Читаем Рембрандт полностью

Рембрандт торопливо пошел отпирать двери, на ходу убеждая себя, что он не имеет права ни одним резким словом выдать свое беспокойство, а должен обнять ее, снять с нее эту безобразную сетку, погладить ее по голове. Но хотя в передней царил полумрак, он сразу заметил в Хендрикье что-то такое, что удержало его: у нее был такой убитый, измученный, раздавленный вид, что даже легчайшее прикосновение причинило бы ей боль.

— Ох, да ты, я вижу, совсем растревожился! Прости, что огорчила тебя, — сказала Хендрикье, но даже голос у нее был не такой, как всегда.

— Не надо было делать это. Ты не должна была делать это.

— Нет, должна. Я не могла не пойти, раз они прислали за мной.

— Прислали за тобой? Кто?

— Старейшины. Слава богу, что хоть пастора там не было…

Хендрикье оборвала фразу на полуслове, поняв по его потрясенному виду, что проболталась о том, о чем он даже не догадывался; она прошла мимо него в зал и опустилась на тот самый стул, на котором пять минут тому назад сидел Рембрандт, предполагая все, что угодно, кроме нелепой правды. Сам он остановился в дверях — у него не хватило решимости переступить через порог.

— Неужели ты ходила в церковь? — спросил он.

— Да. Они прислали за мной, и я пошла, обязана была пойти. — Хендрикье подняла руку, провела ею по вспотевшему лицу и откинула голову на спинку стула, глядя не на Рембрандта, а в потолок. — Это было очень тяжело, но теперь, когда все позади, я вижу, что все получилось не так страшно, как я думала.

— Но что тебя заставило согласиться на это?

— Когда старейшины требуют, чтобы ты пришла и покаялась, не идти нельзя, иначе исключат из общины. А теперь я покаялась, и с этим покончено — по крайней мере на время.

— Значит, ты явилась к старейшинам и покаялась?

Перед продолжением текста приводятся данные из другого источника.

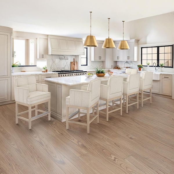 Cavino 27 in. Linen Fabric Upholstered Counter Height Bar Stool Armrests and Wood Frame Counter Stool Set of 6
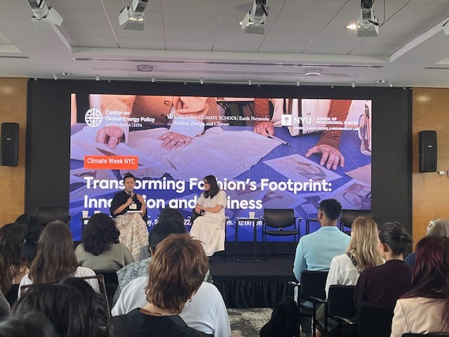 Hi! This is a bit of a beast so buckle up. I just reemerged into my normal life of preschool pickups and drop-offs, heavy athleisure and no makeup after a whirlwind Climate Week in NYC. My inaugural Climate week. I loved it but it was also very…Fashion. Or at least my experience of it was very Fashion. One could have had 35 different iterations of Climate week: CPG, Ag, AI, clean energy, built environment, climate tech, beauty, social justice and on and on.
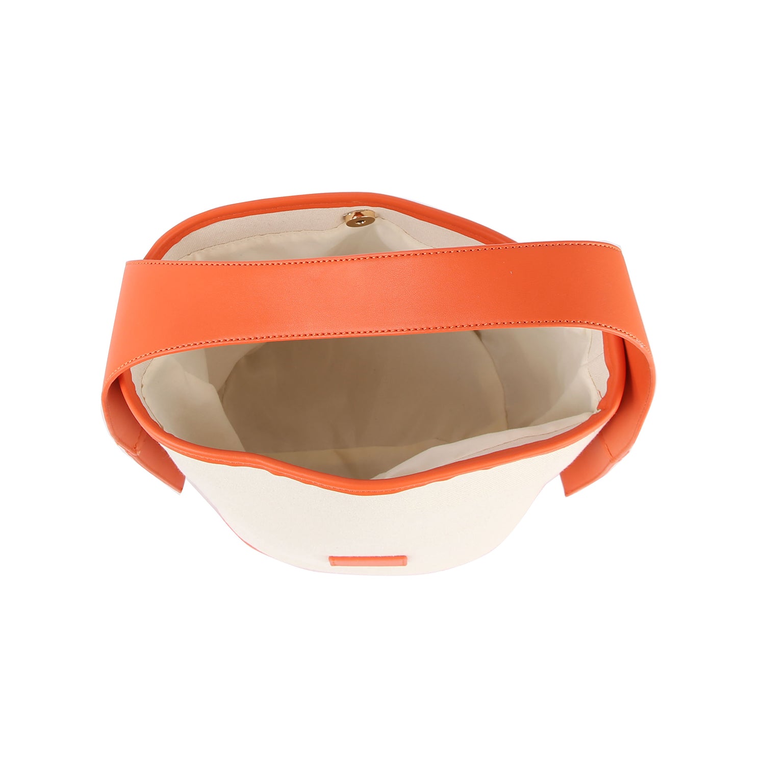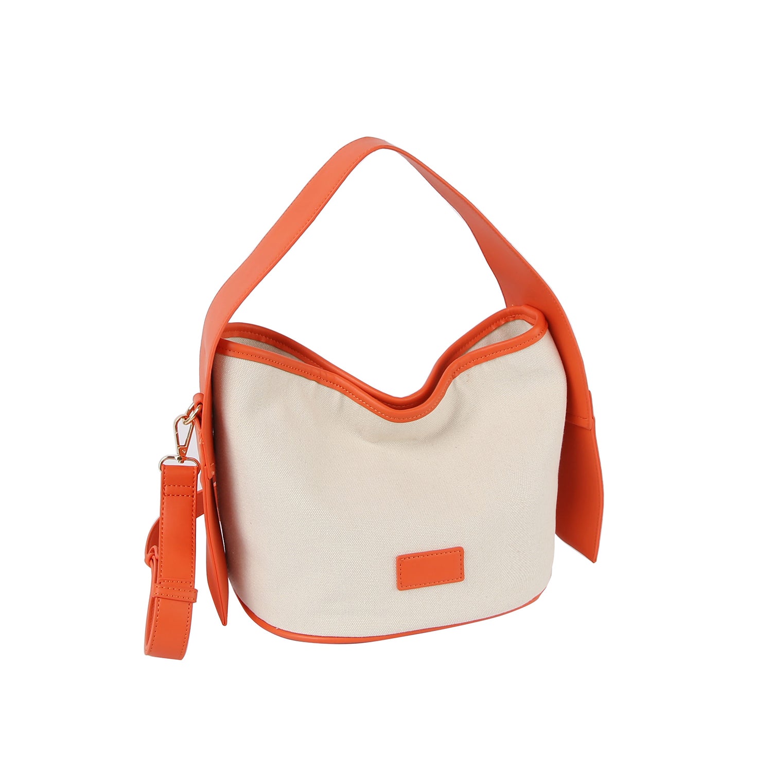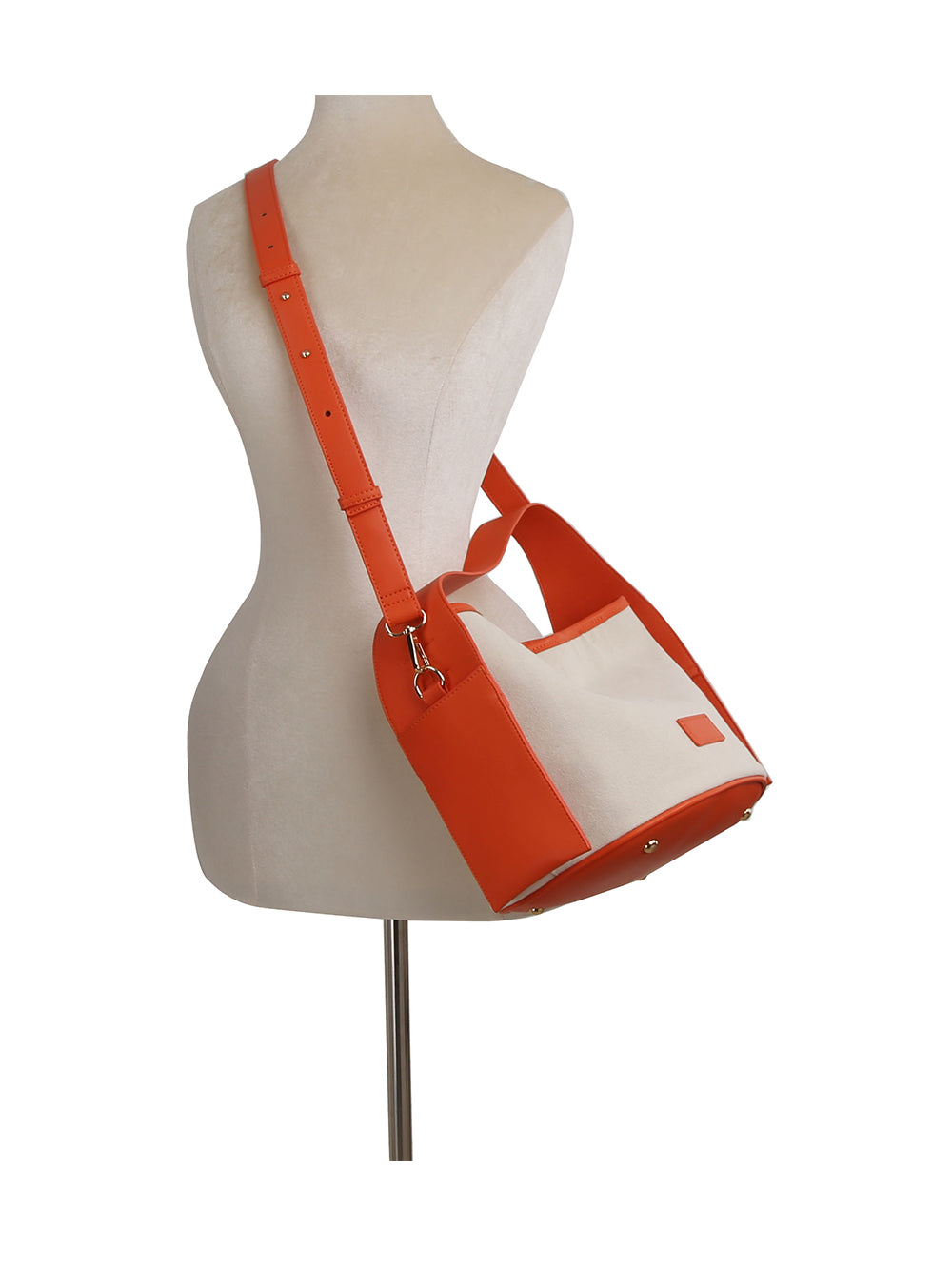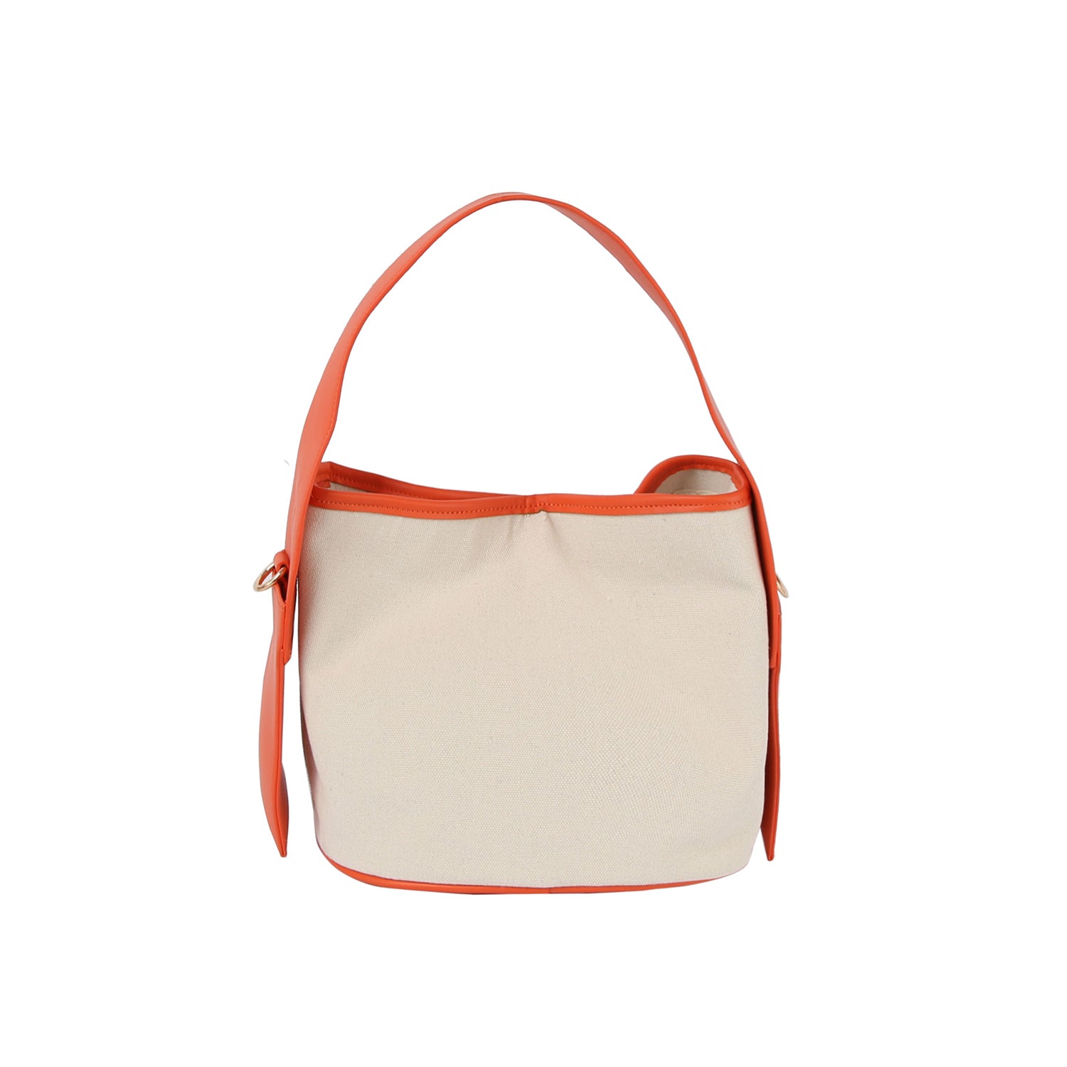 Single strap. 22L detachable strap. Canvas Construction with lined interior. Top snap closure. Gold toned hardware.  Tablet...

— А что мне оставалось делать? Они все знали — потому и послали за мной.

— Боже всемогущий! — взорвался художник, грохнув кулаками о дверь, словно та была олицетворением невежественной пресмыкающейся набожности, свившей себе гнездо в душе Хендрикье. — Неужели с нас мало унижения? Неужели с нас мало того, что мы, как нищие, клянчим деньги у друзей? Так ты еще выставляешь себя на посмешище перед твоей проклятой церковью, чтобы нас и там обливали презрением!

Хендрикье молча стерпела его богохульство, но весь ее вид ясно показывал: она ждет, что и он примирится с ее набожностью.

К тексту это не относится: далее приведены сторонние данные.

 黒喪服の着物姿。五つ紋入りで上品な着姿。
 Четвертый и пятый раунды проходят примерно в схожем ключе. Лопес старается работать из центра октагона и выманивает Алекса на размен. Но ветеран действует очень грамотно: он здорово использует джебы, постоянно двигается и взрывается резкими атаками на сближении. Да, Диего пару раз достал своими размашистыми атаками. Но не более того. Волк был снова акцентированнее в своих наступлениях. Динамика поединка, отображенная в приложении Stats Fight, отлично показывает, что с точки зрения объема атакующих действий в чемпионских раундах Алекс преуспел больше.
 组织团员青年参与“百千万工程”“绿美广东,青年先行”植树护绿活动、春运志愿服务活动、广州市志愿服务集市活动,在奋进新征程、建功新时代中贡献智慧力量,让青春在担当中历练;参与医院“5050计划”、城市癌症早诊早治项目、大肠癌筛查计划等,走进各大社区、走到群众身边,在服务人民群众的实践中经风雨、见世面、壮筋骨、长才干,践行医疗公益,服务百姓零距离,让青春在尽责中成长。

— Это не пойдет дальше старейшин, — возразила она. — Они не скажут никому, даже своим женам. Они — божьи люди и поступят со мною по-божески.

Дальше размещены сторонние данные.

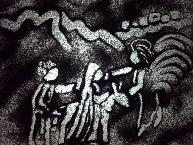 Ausschnitt aus sich veränderden Sandbild zur Weihnachtsgeschichte

— Божьи люди! — Рембрандт кипел такою яростью, что готов был разбить кулаки о дверь, и ярость эту вызывала в нем не только непреоборимая вера Хендрикье в святость шайки ханжей, вытащившей ее из дому, чтобы с наслаждением послушать, как она будет признаваться в своем позоре. Нет, он неистовствовал потому, что нечто чуждое и полностью ему враждебное угрожало той единственной ниточке, которая еще связывала его с Хендрикье — их сердечному согласию в черный час позора.

— Божьи люди! Да среди них нет ни одного, кого Иисус коснулся бы перстом своим! — Рембрандт твердо знал это: он ведь изобразил Христа в облике умирающего Наума, он писал его в Эммаусе, он гравировал его среди толпы хромых и слепых. — У Иисуса с этими лицемерами не больше общего, чем с фарисеями.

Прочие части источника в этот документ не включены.